WHAT YOU SHOULD DO: Below are records with pictures. Reproduce exactly the lines from the line with "Deskstar 180GXP (7200rpm,8MB,UltraATA/100,FDB)の最安値推移" to the line with "Ας πάρουμε ένα", inclusive, and leave each picture out.

SOURCE INFORMATION:
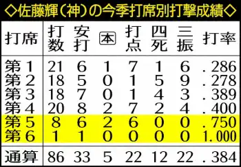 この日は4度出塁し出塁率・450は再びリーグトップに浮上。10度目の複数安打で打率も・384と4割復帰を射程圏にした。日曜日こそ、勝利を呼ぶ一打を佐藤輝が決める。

...

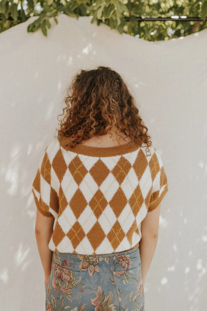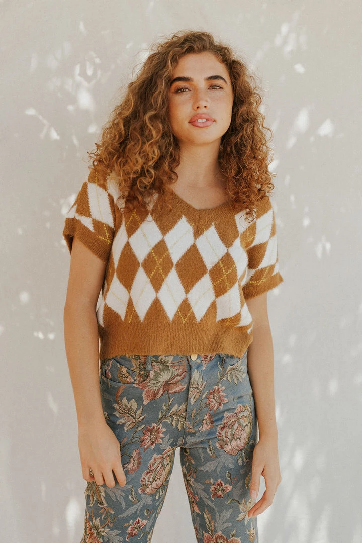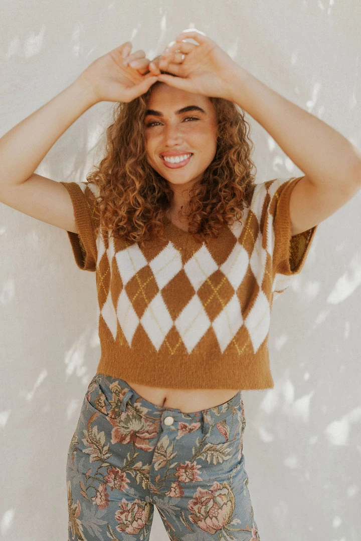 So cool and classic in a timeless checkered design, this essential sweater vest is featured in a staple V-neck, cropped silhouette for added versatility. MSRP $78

* * *

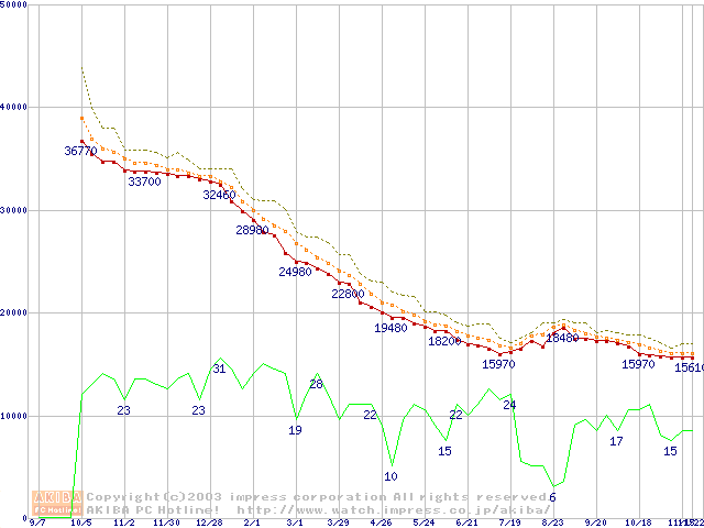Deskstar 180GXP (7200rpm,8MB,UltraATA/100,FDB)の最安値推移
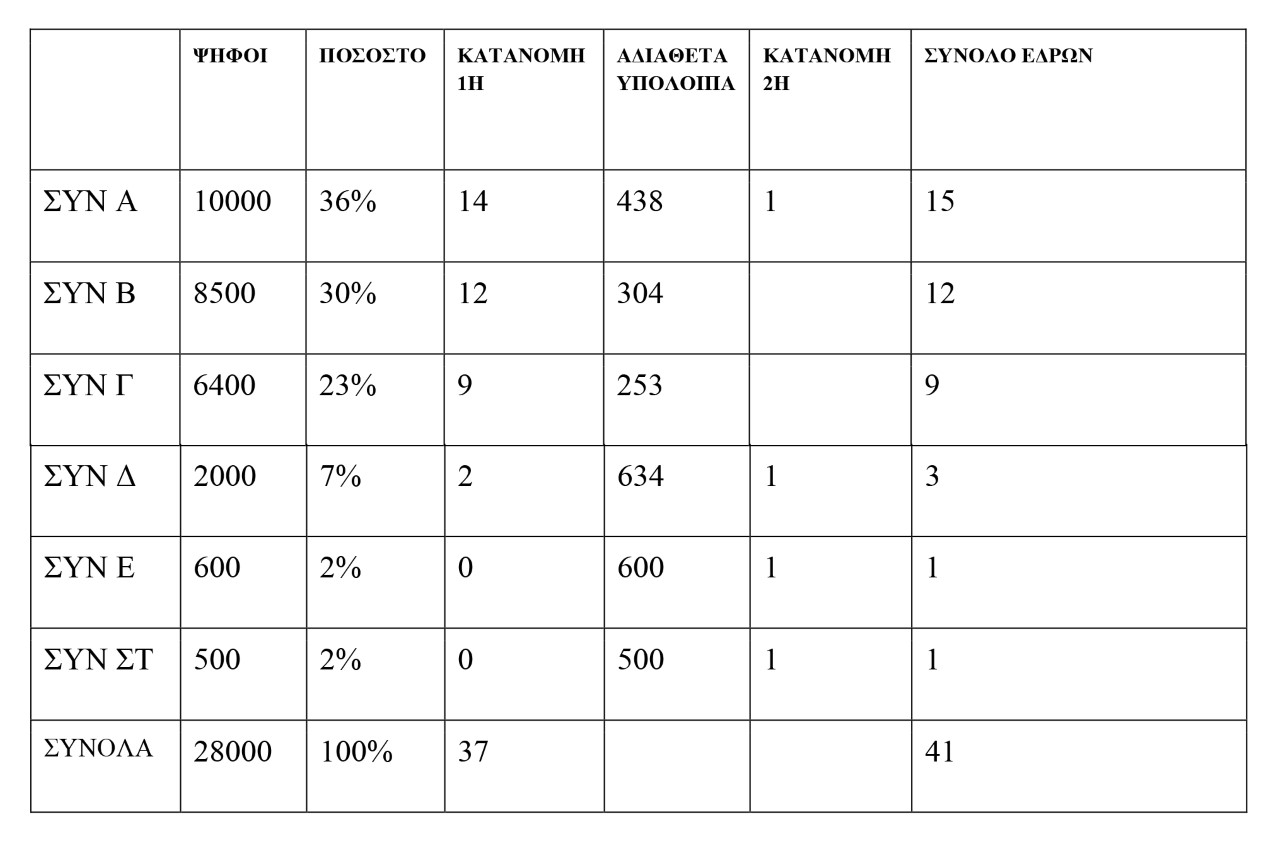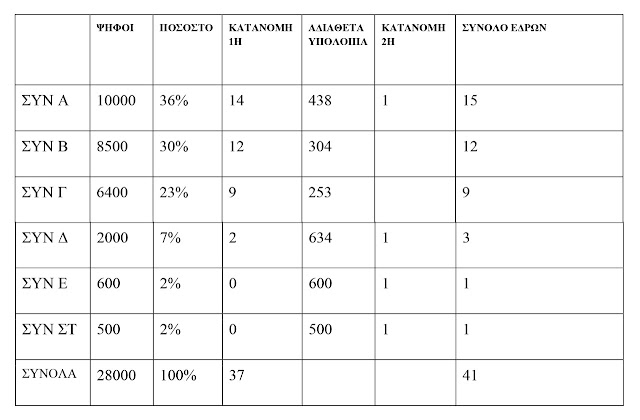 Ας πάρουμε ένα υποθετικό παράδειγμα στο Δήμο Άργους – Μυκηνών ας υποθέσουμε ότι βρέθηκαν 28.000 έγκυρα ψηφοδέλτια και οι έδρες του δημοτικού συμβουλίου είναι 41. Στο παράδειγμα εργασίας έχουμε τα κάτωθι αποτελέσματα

RESPONSE:
Deskstar 180GXP (7200rpm,8MB,UltraATA/100,FDB)の最安値推移
 Ας πάρουμε ένα υποθετικό παράδειγμα στο Δήμο Άργους – Μυκηνών ας υποθέσουμε ότι βρέθηκαν 28.000 έγκυρα ψηφοδέλτια και οι έδρες του δημοτικού συμβουλίου είναι 41. Στο παράδειγμα εργασίας έχουμε τα κάτωθι αποτελέσματα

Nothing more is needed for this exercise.